I think I finally have a solution. As first I tried to put Orderby() in a virtual column so that I could draw on the result later in in a LINKTOROW navigational expression but that use of the virtual column seems to have slowed things down (though some syncs not as slow as others, for some reason). Instead, I skipped the virtual column step and put the Orderby() expression inside the LINKTOROW expression, and now everything works and there don’t seem to be any speed problem. Here’s my solution:

LINKTOROW(INDEX(orderby(D to W[Key],[Order]),if(count(FILTER(“D to W”, [Order]<=[_THISROW].[ORDER]))>=count(D to W[KEY]),1,count(FILTER(“D to W”, [Order]<=[_THISROW].[ORDER]))+1)), “D to W_Detail”)

This is slightly complex so I’ll try to parse it:

LINKTOROW(INDEX(orderby(D to W[Key],[Order]),if(count(FILTER(“D to W”, [Order]<=[_THISROW].[ORDER]))>=count(D to W[KEY]),1,count(FILTER(“D to W”, [Order]<=[_THISROW].[ORDER]))+1)), “D to W_Detail”)

First of all, the part of the expression in bold determines the key of the record to navigate to in the “D to W_Detail” view.
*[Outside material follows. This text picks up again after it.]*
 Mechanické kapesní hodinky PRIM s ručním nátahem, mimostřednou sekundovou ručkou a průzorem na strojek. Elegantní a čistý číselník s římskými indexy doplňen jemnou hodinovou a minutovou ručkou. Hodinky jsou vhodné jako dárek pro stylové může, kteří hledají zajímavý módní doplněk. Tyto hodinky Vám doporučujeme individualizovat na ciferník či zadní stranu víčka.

This can be further parsed as follows:

INDEX(orderby(D to W[Key],[Order]),if(count(FILTER(“D to W”, [Order]<=[_THISROW].[ORDER]))>=count(D to W[KEY]),1,count(FILTER(“D to W”, [Order]<=[_THISROW].[ORDER]))+1))

In this index expression, D to W is a slice. The list of records to be indexed within that slice is orderby(D to W[Key],[Order]. It’s put in the proper order with the Orderby() expression. The “Order” column has random numbers from the spreadsheet that are to be used to “shuffle” the records. Now, for the Index expression to work, we need to determine the number of the next record. There are two possible situations that need to be dealt with. First, if the record being shown is the last record in the list, then we need to navigate to the first record in the list, so we need the number one. That’s done in this part of the “if” expression:

INDEX(orderby(D to W[Key],[Order]),if(count(FILTER(“D to W”, [Order]<=[_THISROW].[ORDER]))>=count(D to W[KEY]),1,count(FILTER(“D to W”, [Order]<=[_THISROW].[ORDER]))+1))
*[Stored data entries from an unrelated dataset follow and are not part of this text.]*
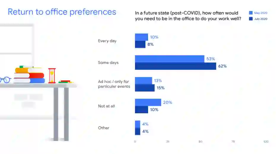 去年7月谷歌进行的员工办公室偏好调查结果显示,
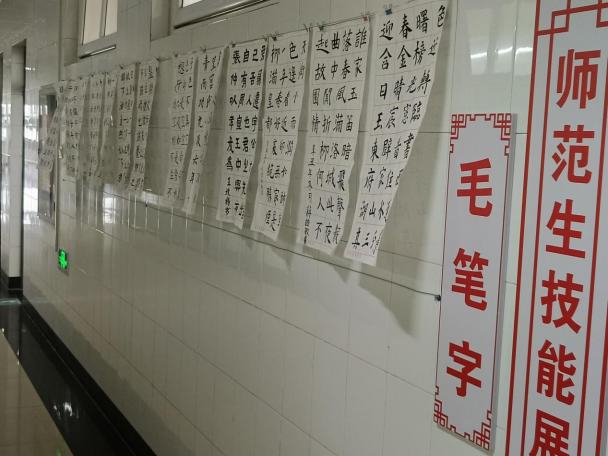 本次教学技能达标汇报的主要内容有课程课件制作、说课、模拟授课、粉笔字、钢笔字展示等形式。在技能达标汇报活动中同学们积极参与,模拟授课时同学们能够正确处理教学目标的预设和生成之间的关系,讲授条理清楚、教学语言规范、表达清楚,也能够恰当使用教学媒体和信息技术,教学演示比较规范,具有一定的教学特色。
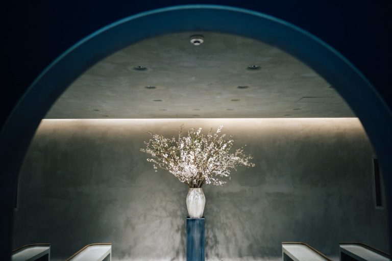 挙式を行う「セレブレーションホール」の建築は、大切な人同士の人生が交錯していくことを表現しています。壁と天井の角は丸みがかかり、天井の特殊な間接照明により、非日常な体験ができます。
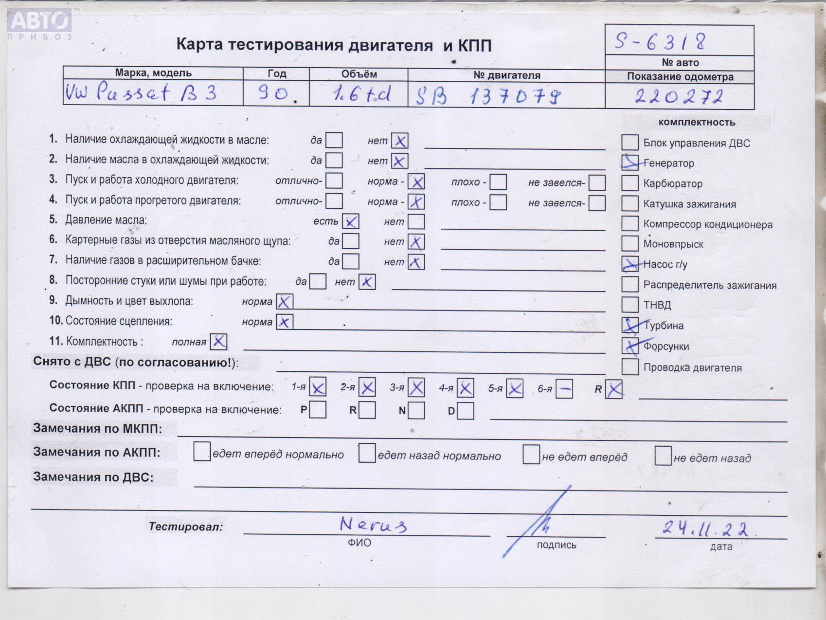 | Марка / Модель / Год: | Volkswagen Passat B3 1990 |

The last part of the if expression is for records that are not the last one in the list. I add one to the number generated, which indicates what it’s “rank” in the list is, to identify the next record to be shown:

INDEX(orderby(D to W[Key],[Order]),if(count(FILTER(“D to W”, [Order]<=[_THISROW].[ORDER]))>=count(D to W[KEY]),1,count(FILTER(“D to W”, [Order]<=[_THISROW].[ORDER]))+1))

Well, that’s it. It was a difficult task for me but this seems to work correctly and, as far as I can tell at this point, there aren’t any speed issues.